DATA SHOWN:
◇ ◇ ◇

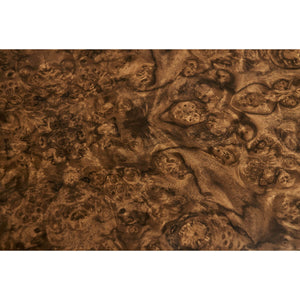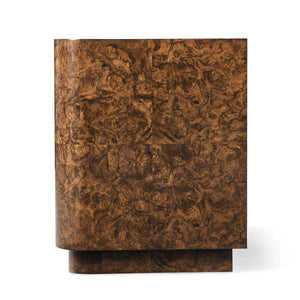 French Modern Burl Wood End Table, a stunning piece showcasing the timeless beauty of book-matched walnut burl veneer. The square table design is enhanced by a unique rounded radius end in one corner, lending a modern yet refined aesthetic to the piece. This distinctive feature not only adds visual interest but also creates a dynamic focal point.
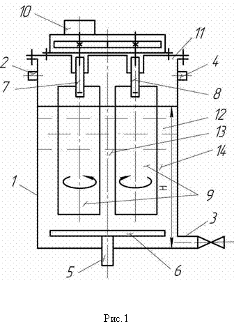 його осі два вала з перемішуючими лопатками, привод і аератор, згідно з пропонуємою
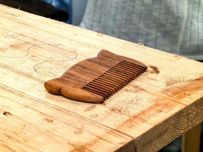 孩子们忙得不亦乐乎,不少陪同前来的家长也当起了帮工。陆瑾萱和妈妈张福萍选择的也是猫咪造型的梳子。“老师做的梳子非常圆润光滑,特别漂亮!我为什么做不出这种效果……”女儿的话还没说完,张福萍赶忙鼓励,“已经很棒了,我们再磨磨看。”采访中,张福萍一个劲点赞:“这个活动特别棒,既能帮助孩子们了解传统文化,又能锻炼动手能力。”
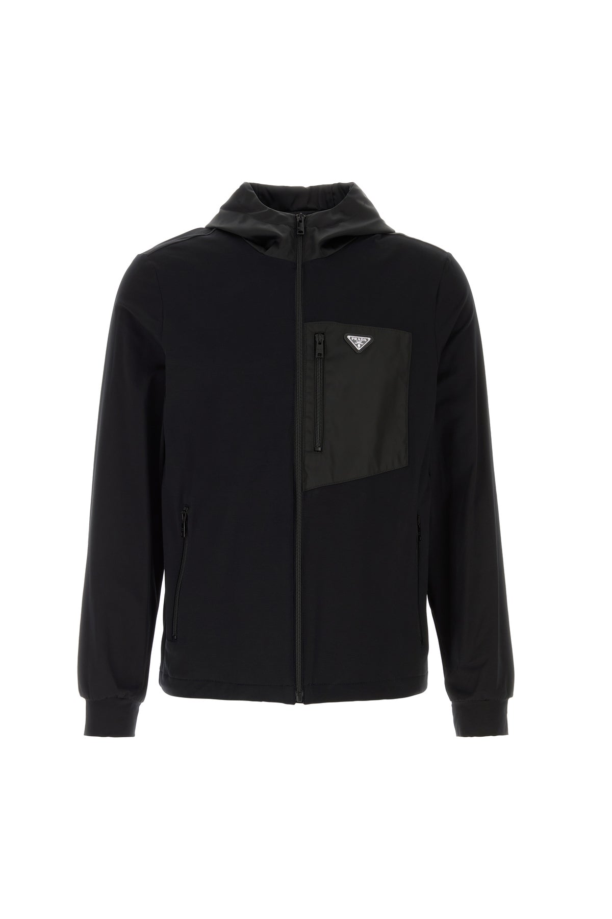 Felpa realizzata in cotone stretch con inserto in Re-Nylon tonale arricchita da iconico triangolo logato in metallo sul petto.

◇ ◇ ◇

PROBLEM REQUIREMENTS: Repeat the data word for word; drop the pictures.

OUTPUT OF THE EXERCISE:
 French Modern Burl Wood End Table, a stunning piece showcasing the timeless beauty of book-matched walnut burl veneer. The square table design is enhanced by a unique rounded radius end in one corner, lending a modern yet refined aesthetic to the piece. This distinctive feature not only adds visual interest but also creates a dynamic focal point.
 його осі два вала з перемішуючими лопатками, привод і аератор, згідно з пропонуємою
 孩子们忙得不亦乐乎,不少陪同前来的家长也当起了帮工。陆瑾萱和妈妈张福萍选择的也是猫咪造型的梳子。“老师做的梳子非常圆润光滑,特别漂亮!我为什么做不出这种效果……”女儿的话还没说完,张福萍赶忙鼓励,“已经很棒了,我们再磨磨看。”采访中,张福萍一个劲点赞:“这个活动特别棒,既能帮助孩子们了解传统文化,又能锻炼动手能力。”
 Felpa realizzata in cotone stretch con inserto in Re-Nylon tonale arricchita da iconico triangolo logato in metallo sul petto.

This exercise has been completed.